Shares of Impinj, inc. (NASDAQ:PI) got hammered last month after the radio frequency ID chip-maker turned in a disappointing earnings report. The stock slipped 19.5% according to data from S&P Global Market Intelligence. As the chart below shows, much of those losses came immediately after its earnings report on February 16.
Impinj actually beat estimates in its fourth-quarter report. The company saw its top-line expand 49% to $33.7 million, beating estimates at $32.4 million. Earnings for the internet-of-things play, meanwhile, increased from $0.07 to $0.11 a share, which topped expectations at $0.09.
The maker of RAIN RFID chips, which helps supply chains frictionlessly track items, has been highly volatile since its July 2016 IPO.
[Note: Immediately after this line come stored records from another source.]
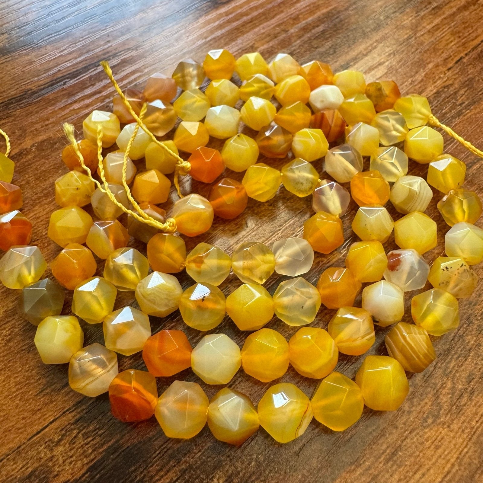 2 Strands - 7-8mm Faceted Star Cut Yellow Agate Bead Strands
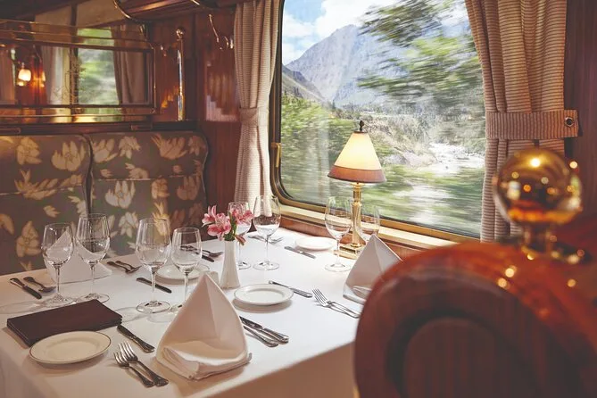 Seu dia inclui traslado privado de ida e volta do hotel em Cusco, viagem de luxo de ida e volta no trem Hiram Bingham com refeições gourmet e bebidas em ambas as viagens, transfers exclusivos até a entrada de Machu Picchu só para passageiros, ingressos para Machu Picchu com tour guiado profissional pelas ruas e templos antigos, além de um elegante chá da tarde servido no Sanctuary Lodge antes do retorno a Cusco.
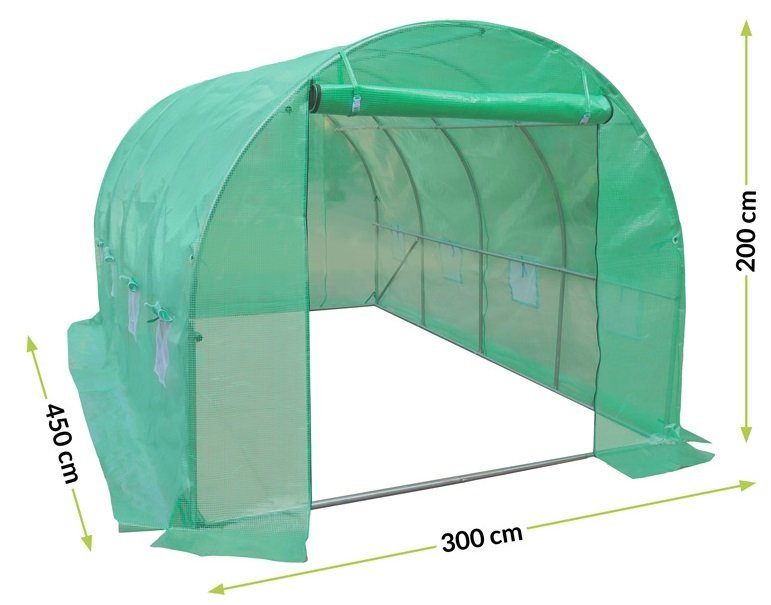 Genießen Sie das ganze Jahr über das Kultivieren Ihrer Pflanzen mit unserem hochwertigen Garten-Gewächshaus. Mit den Maßen 300 x 450 x 200 cm bietet es reichlich Platz für Ihre Gartenprojekte, während die robuste Stahl- und PVC-Konstruktion eine lange Lebensdauer garantiert.

CEO Chris Diorio called the fourth quarter "a strong close to a landmark and transformational year for Impinj" as revenue growth accelerated in the fourth quarter and IC (integrated circuit) volume growth hit 70%.
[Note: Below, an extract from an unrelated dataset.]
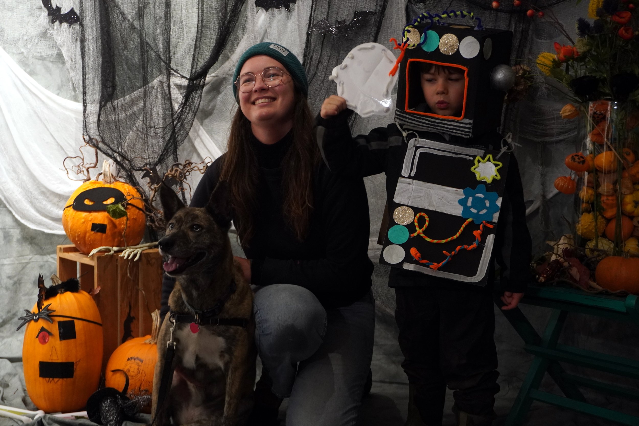 Maisy, shown with her owner Zachary, was the Winner in our Creepiest Costume Competition

Looking ahead to 2017, the market seemed to be disappointed by Impinj's guidance for the first quarter. The company projected revenue of $30-$31.5 million for the current period and adjusted earnings per share ranging between a loss of $0.06 and a profit of a penny. At the time of the announcement, analysts had expected a profit of $0.02 a share.
Weak guidance like this has a tendency to sink high-flying tech stocks like Impinj, but investors should me mindful that this a young company with a promising future ahead of it. Investors should remember to look past a single quarter's guidance.